五月雨 | ナノ









その夜、綾は打掛を脱いで、小袖の上に蘇芳色の被布を纏った。
家茂に薦められて、一晩二条城に宿泊することにした。
それで二条城の警護をしている新選組の面々へ、差し入れも兼ねて顔を出すことにしたのである。

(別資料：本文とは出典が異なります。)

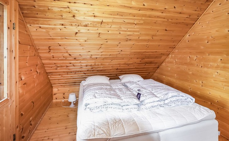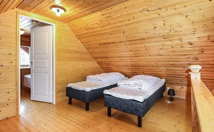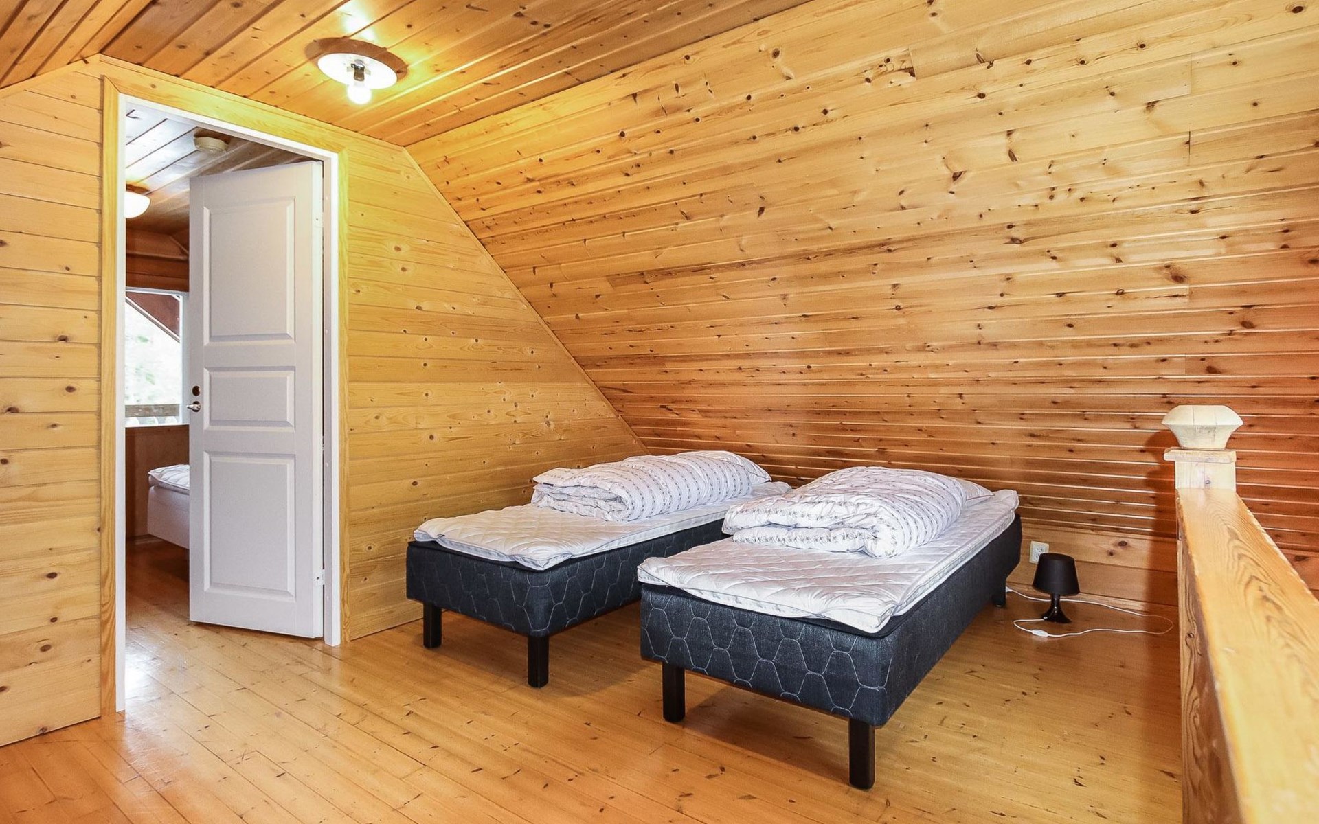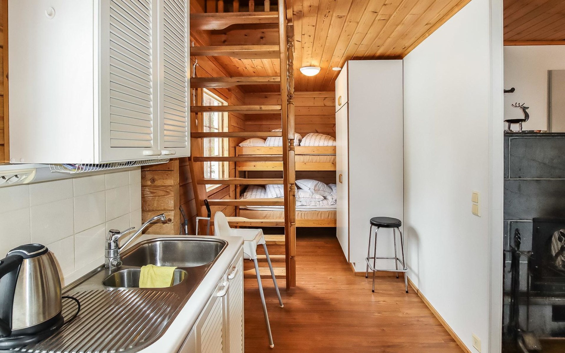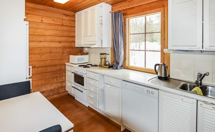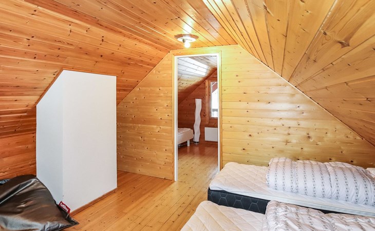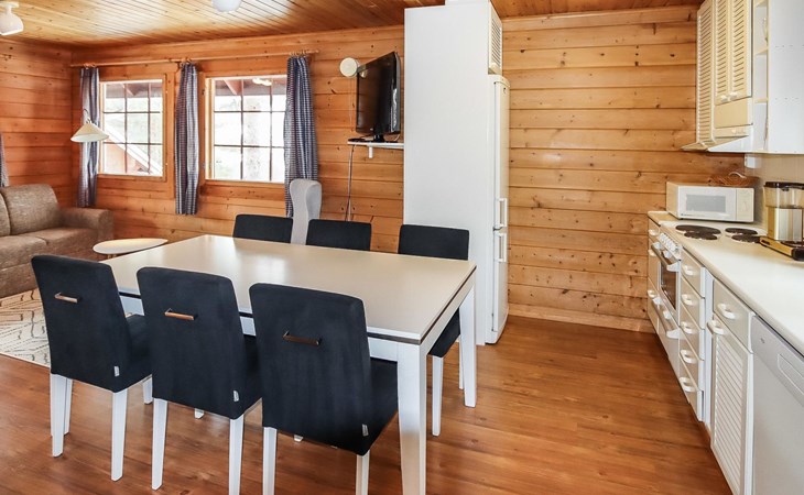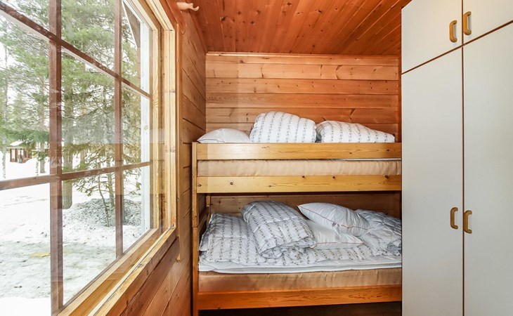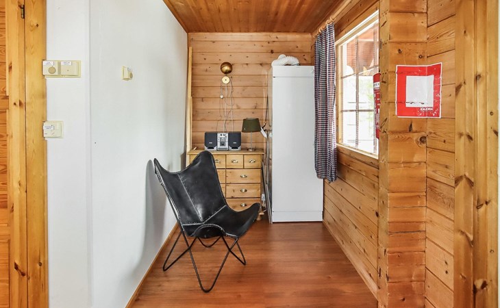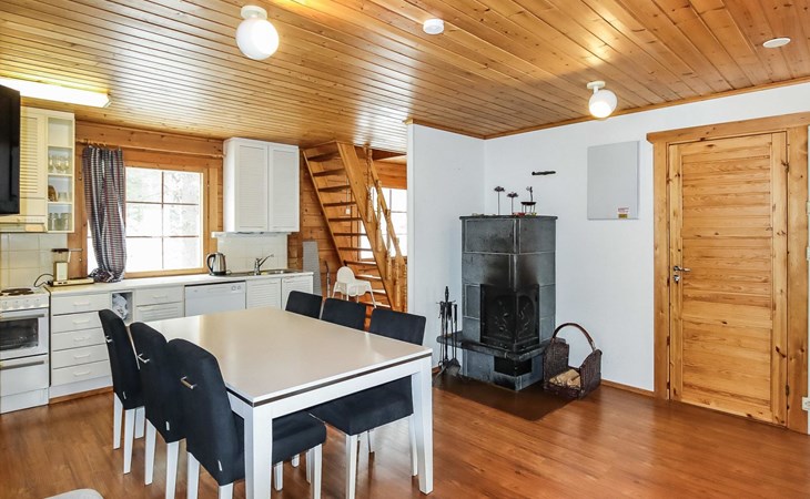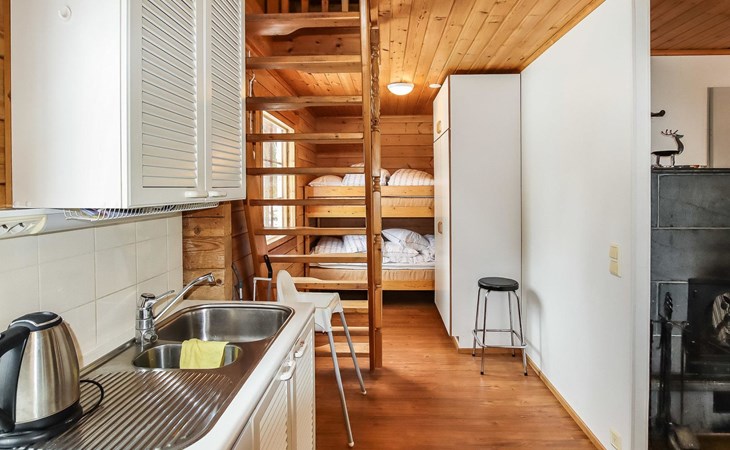 Kitchen, 2 sleeping corner, loft, sauna, shower room/toilet, balcony, fireplace, bunk beds in the sleeping corners, 4 beds on the loft.

流石に男装は拙いと染に止められ、仕方なく軽装にした。
会津の姫が直属の新選組を見舞ったところで、特に不可思議ではないと思いなおしたのである。
ちょうど城内で会津の重鎮と会っていた近藤に許可を取り、綾は染を連れて城外に出た。
念のため帯に懐剣を挟んである。すぐに居合を繰り出せるよう配慮した。


教えられたとおりの場所に出ると、篝火が焚いてある。
見慣れた浅葱の羽織を見つけ、綾は一瞬駆けだしそうになった。
だが止めたのは、その場の緊迫した空気のせいだ。


少し離れた場所に、土方、斎藤、原田がいる。後ろには千鶴と山崎だ。
彼らは綾に気付かず、真正面だけを睨むように見据えていた。
視線を追って息を呑む。
彼らの目前にいたのは、風間を含めた三人の男だった。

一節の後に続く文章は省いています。